It’s a given that going through a divorce creates havoc in your personal life. But does it have to creep into your life at work also?
It’s hard enough to separate work from the rest of life. And when you go through a divorce, it’s even harder. You may need to talk with your attorney during the day. Or you may just need to vent to a friend on the phone.
Depending on your position at work and your industry, it may be wise not to disclose details of your divorce to work colleagues. That means taking phone calls away from where nosy colleagues may overhear your conversation.
When I was going through my divorce, many work colleagues didn’t know. And clients definitely did not know – the focus was on them not my personal life.
It’s not creating a façade or not being authentic; it’s being smart about staying professional. It was difficult for me to talk about my divorce so I focused on work.
Everyone is different. And every divorce is unique. You’ll need to figure out what works for you.
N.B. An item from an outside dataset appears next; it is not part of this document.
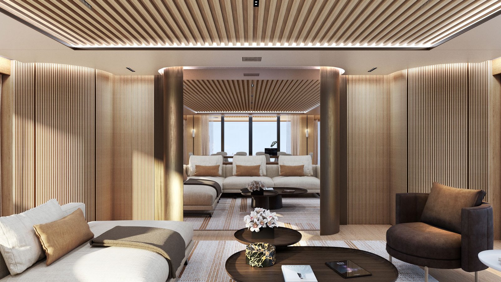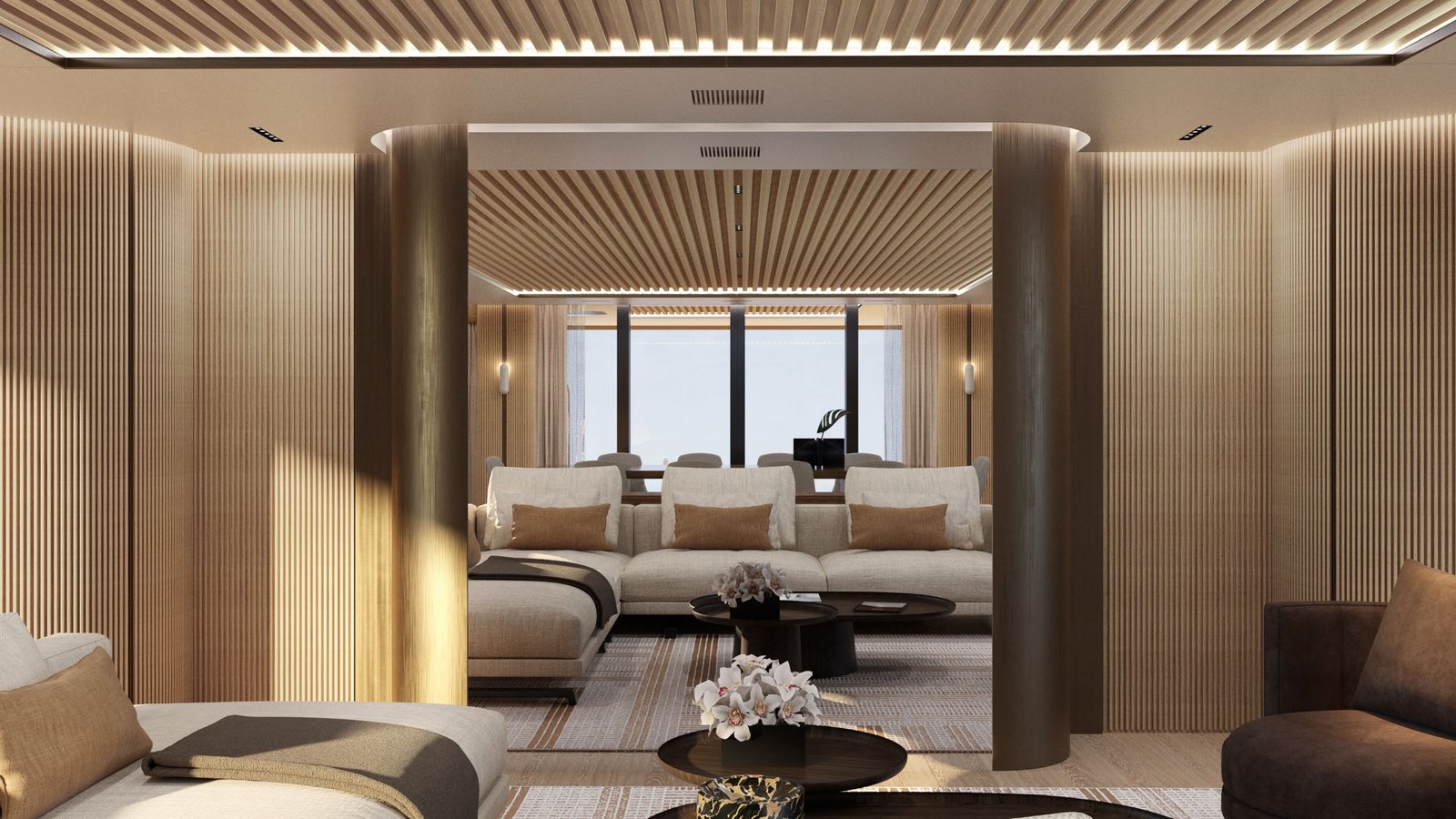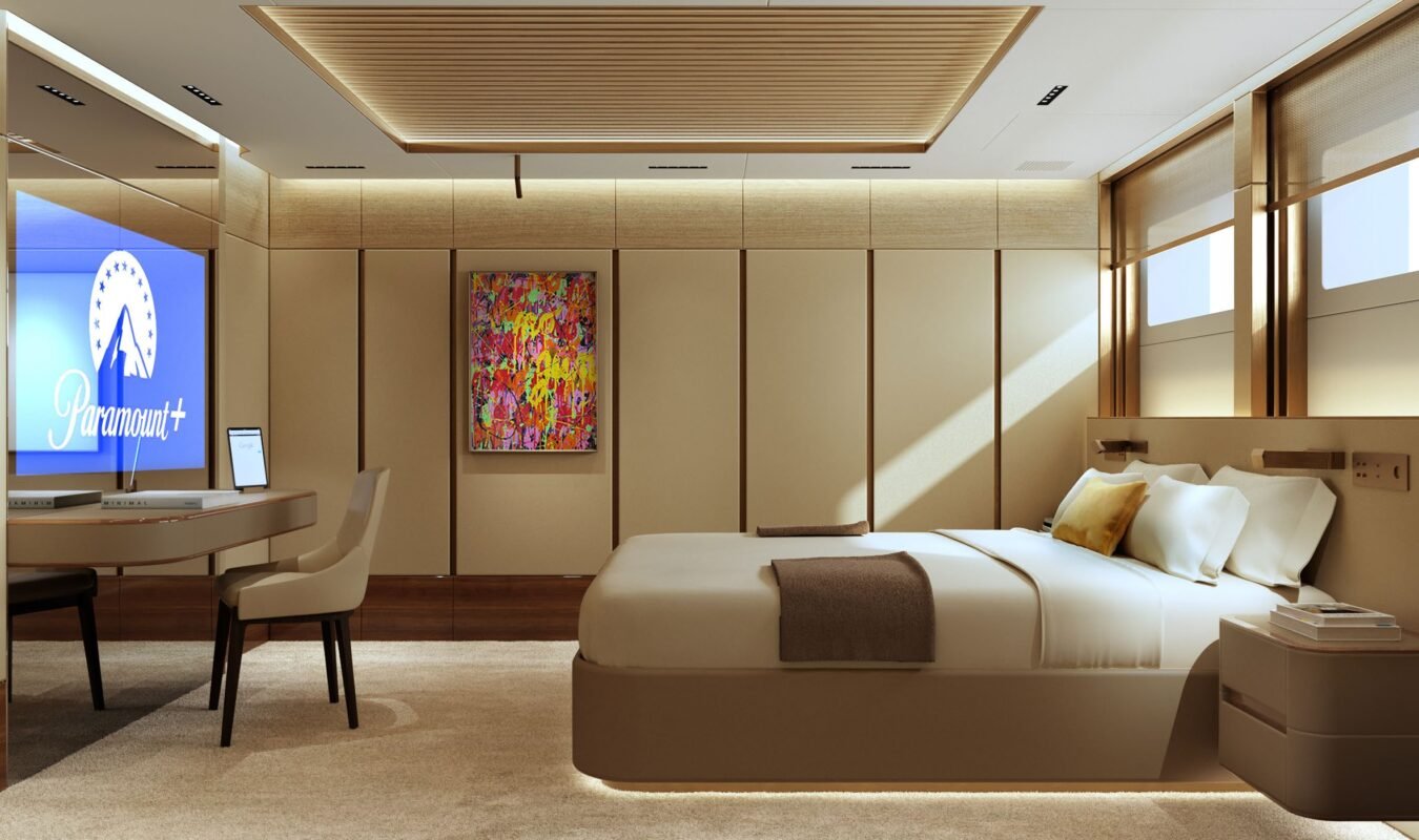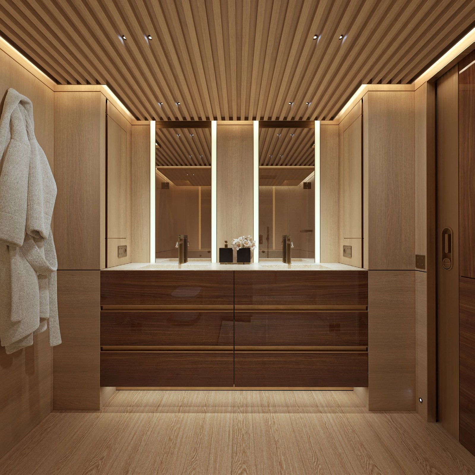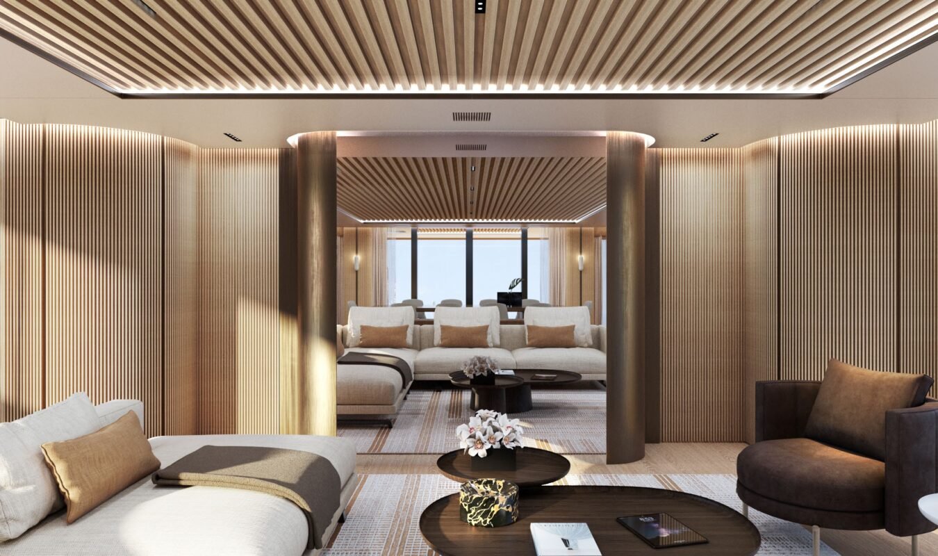 Operational excellence is at the core of PANORAMA’s design. Accommodations for a full professional crew ensure premium service, with dedicated crew routes allowing for seamless movement and discrete guest service. The crew layout includes seven bathrooms and optimally placed quarters, supporting efficiency and maintaining the yacht’s elegant guest-focused atmosphere.

To help you maintain your professionalism as you deal with your divorce, here are some suggestions:
1- Look at and respond to personal emails or texts when you’re away from work. It may be difficult to carry out this suggestion if you have minor children. You’ll need to discipline yourself to only respond to messages from your minor children and leave other messages for when you return home.
2- Answer personal phone calls when you’re away from work. The exception again is if you have minor children.
3- Find a support group in the community to help you through your emotions to avoid venting at work.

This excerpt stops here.